Find "Sastoji se od" below and begin at its line; stop after the line with "(706) 543-46531 Ctw". Output those lines exactly, without pictures.

++++ INPUT RECORDS ++++

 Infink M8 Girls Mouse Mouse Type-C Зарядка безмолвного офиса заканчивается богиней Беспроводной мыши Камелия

++++
++++ INPUT RECORDS ++++

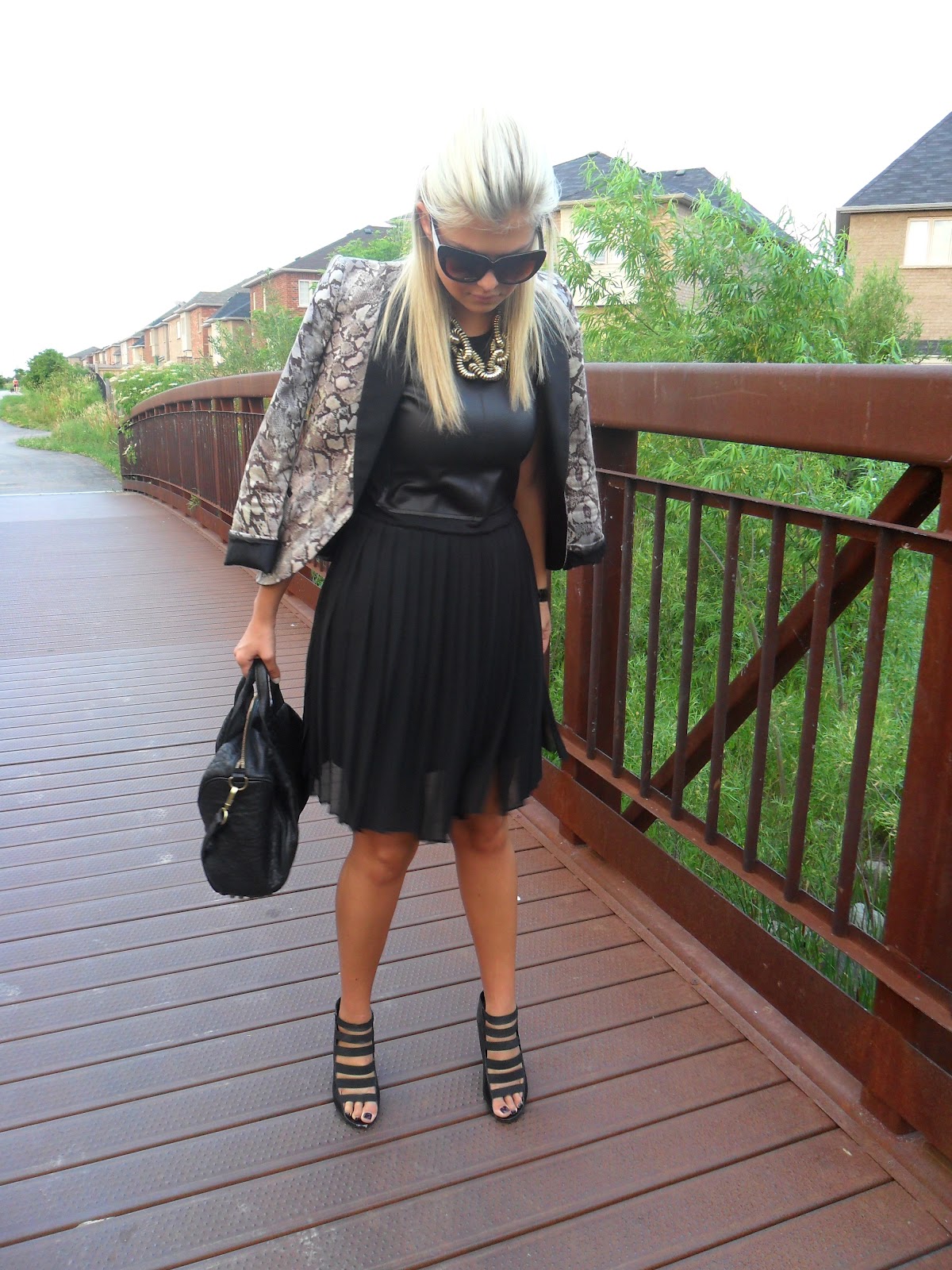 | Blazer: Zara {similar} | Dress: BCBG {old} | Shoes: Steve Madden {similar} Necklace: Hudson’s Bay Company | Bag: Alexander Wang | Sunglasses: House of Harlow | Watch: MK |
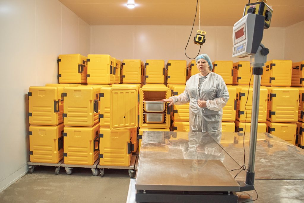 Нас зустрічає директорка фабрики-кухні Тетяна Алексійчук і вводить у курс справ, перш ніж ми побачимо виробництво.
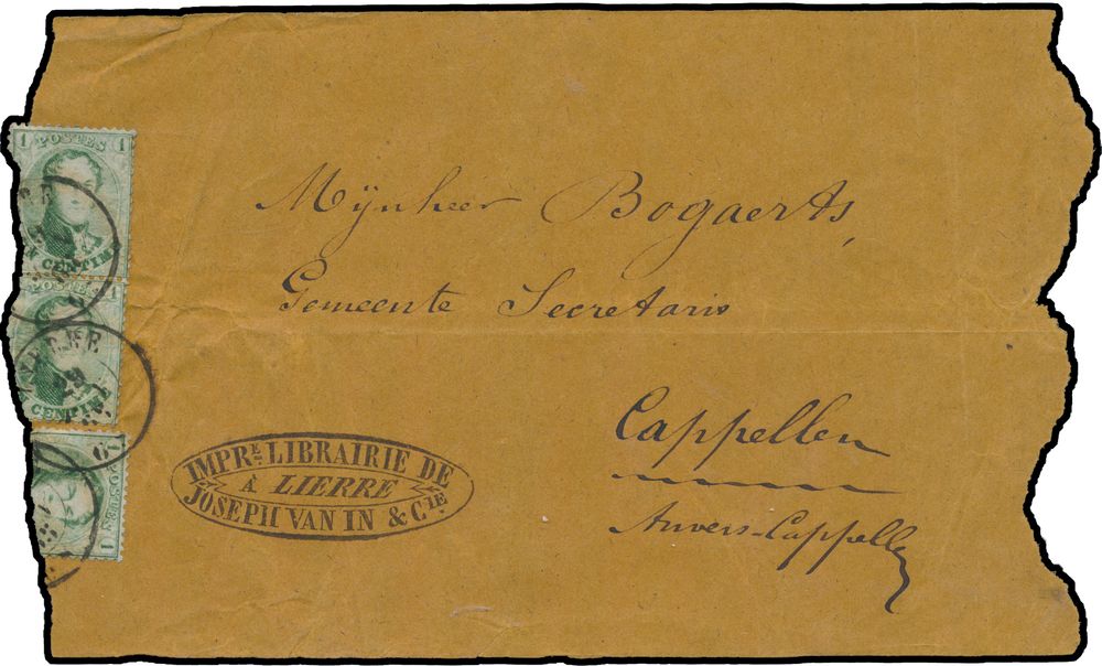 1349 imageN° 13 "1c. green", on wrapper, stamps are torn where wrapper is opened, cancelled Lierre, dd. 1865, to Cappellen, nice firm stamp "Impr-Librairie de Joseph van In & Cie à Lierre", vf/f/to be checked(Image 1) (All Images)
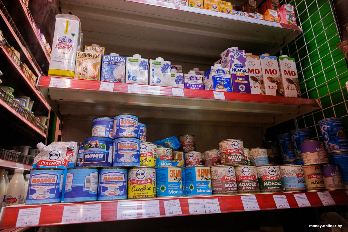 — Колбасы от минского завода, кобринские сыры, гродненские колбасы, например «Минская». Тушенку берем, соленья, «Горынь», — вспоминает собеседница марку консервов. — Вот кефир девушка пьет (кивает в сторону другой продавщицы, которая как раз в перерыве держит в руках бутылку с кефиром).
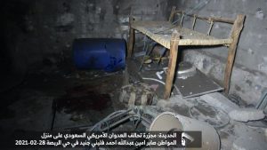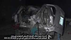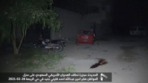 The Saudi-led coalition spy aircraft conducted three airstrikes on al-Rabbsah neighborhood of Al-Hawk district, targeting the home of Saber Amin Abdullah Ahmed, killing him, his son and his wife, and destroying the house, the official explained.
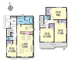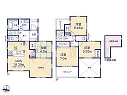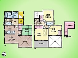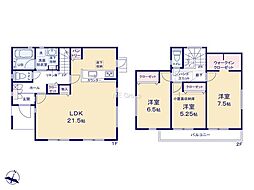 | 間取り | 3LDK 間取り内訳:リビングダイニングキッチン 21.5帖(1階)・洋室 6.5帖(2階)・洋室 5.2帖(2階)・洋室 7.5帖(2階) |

++++
++++ INPUT RECORDS ++++

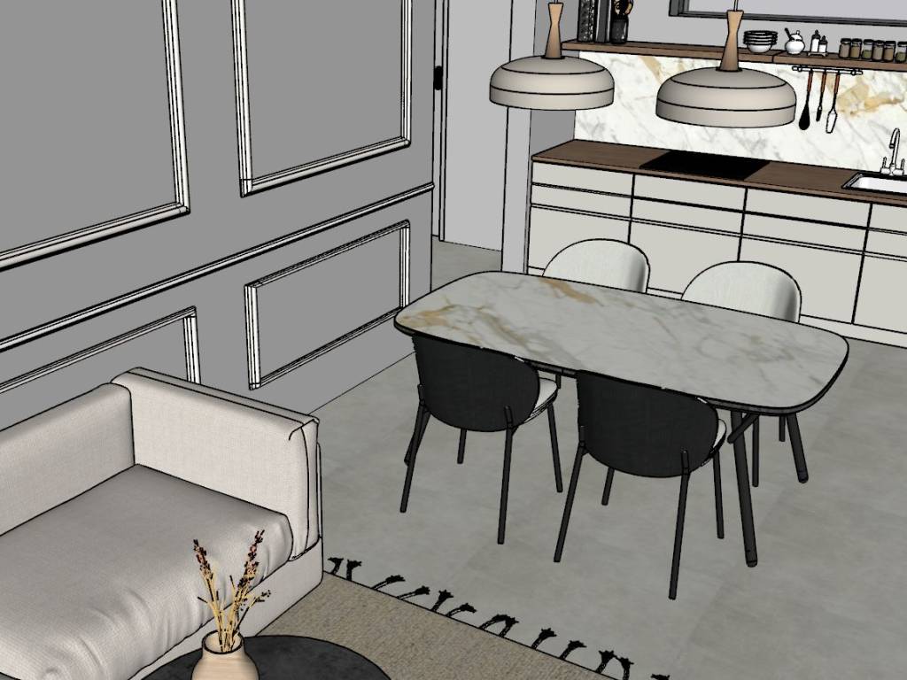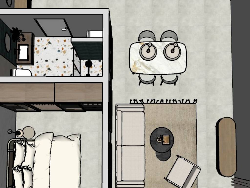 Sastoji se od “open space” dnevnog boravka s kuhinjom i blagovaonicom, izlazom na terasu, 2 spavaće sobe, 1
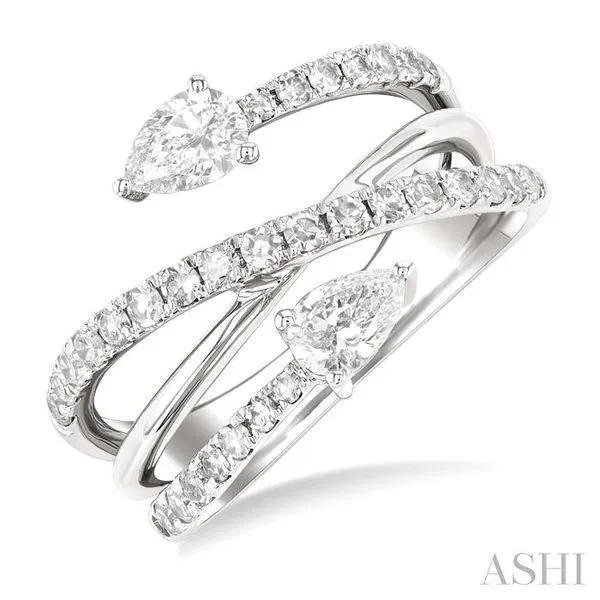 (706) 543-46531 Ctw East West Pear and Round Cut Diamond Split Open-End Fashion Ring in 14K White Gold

++++

### COMPLETED TASK
 Sastoji se od “open space” dnevnog boravka s kuhinjom i blagovaonicom, izlazom na terasu, 2 spavaće sobe, 1
 (706) 543-46531 Ctw East West Pear and Round Cut Diamond Split Open-End Fashion Ring in 14K White Gold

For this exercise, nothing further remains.